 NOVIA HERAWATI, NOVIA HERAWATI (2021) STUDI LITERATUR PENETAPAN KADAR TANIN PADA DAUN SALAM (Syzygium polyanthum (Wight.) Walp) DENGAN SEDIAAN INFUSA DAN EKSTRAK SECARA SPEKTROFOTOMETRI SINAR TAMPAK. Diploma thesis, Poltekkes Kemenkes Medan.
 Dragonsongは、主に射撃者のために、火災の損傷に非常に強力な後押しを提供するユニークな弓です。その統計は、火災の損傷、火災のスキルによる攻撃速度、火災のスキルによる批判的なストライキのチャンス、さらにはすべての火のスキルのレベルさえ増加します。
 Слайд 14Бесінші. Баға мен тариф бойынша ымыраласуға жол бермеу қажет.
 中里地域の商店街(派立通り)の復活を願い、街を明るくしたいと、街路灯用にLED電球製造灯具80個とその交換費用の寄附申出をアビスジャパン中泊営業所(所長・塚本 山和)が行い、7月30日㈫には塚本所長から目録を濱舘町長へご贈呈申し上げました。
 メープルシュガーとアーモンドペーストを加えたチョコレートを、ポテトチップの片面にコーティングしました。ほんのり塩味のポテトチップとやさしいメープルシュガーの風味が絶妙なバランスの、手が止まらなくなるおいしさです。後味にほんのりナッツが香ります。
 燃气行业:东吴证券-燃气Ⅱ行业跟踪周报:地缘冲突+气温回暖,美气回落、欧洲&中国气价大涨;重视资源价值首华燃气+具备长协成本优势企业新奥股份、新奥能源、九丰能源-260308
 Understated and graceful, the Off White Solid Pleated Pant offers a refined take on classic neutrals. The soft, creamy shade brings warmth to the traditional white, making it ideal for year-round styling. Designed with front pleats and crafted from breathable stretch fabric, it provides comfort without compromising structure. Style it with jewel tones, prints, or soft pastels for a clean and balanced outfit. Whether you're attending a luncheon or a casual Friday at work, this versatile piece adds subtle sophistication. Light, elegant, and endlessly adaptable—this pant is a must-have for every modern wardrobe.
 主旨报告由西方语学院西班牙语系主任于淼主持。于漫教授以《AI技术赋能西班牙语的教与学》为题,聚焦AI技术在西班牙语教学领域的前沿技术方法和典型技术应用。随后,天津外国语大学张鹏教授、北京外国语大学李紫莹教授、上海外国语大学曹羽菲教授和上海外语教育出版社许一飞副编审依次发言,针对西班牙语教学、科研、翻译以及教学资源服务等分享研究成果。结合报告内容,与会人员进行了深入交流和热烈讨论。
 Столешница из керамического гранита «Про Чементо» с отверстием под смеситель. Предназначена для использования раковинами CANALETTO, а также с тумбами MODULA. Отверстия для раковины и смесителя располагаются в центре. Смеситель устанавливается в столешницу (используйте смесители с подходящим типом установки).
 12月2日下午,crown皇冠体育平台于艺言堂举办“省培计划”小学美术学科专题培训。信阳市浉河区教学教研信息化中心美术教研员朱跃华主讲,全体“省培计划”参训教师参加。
◆ ◆ ◆ ◆
● Brief
Quote the data above verbatim from its first line to the line that includes "燃气行业:东吴证券-燃气Ⅱ行", with both boundary lines retained.

● Solved problem
 NOVIA HERAWATI, NOVIA HERAWATI (2021) STUDI LITERATUR PENETAPAN KADAR TANIN PADA DAUN SALAM (Syzygium polyanthum (Wight.) Walp) DENGAN SEDIAAN INFUSA DAN EKSTRAK SECARA SPEKTROFOTOMETRI SINAR TAMPAK. Diploma thesis, Poltekkes Kemenkes Medan.
 Dragonsongは、主に射撃者のために、火災の損傷に非常に強力な後押しを提供するユニークな弓です。その統計は、火災の損傷、火災のスキルによる攻撃速度、火災のスキルによる批判的なストライキのチャンス、さらにはすべての火のスキルのレベルさえ増加します。
 Слайд 14Бесінші. Баға мен тариф бойынша ымыраласуға жол бермеу қажет.
 中里地域の商店街(派立通り)の復活を願い、街を明るくしたいと、街路灯用にLED電球製造灯具80個とその交換費用の寄附申出をアビスジャパン中泊営業所(所長・塚本 山和)が行い、7月30日㈫には塚本所長から目録を濱舘町長へご贈呈申し上げました。
 メープルシュガーとアーモンドペーストを加えたチョコレートを、ポテトチップの片面にコーティングしました。ほんのり塩味のポテトチップとやさしいメープルシュガーの風味が絶妙なバランスの、手が止まらなくなるおいしさです。後味にほんのりナッツが香ります。
 燃气行业:东吴证券-燃气Ⅱ行业跟踪周报:地缘冲突+气温回暖,美气回落、欧洲&中国气价大涨;重视资源价值首华燃气+具备长协成本优势企业新奥股份、新奥能源、九丰能源-260308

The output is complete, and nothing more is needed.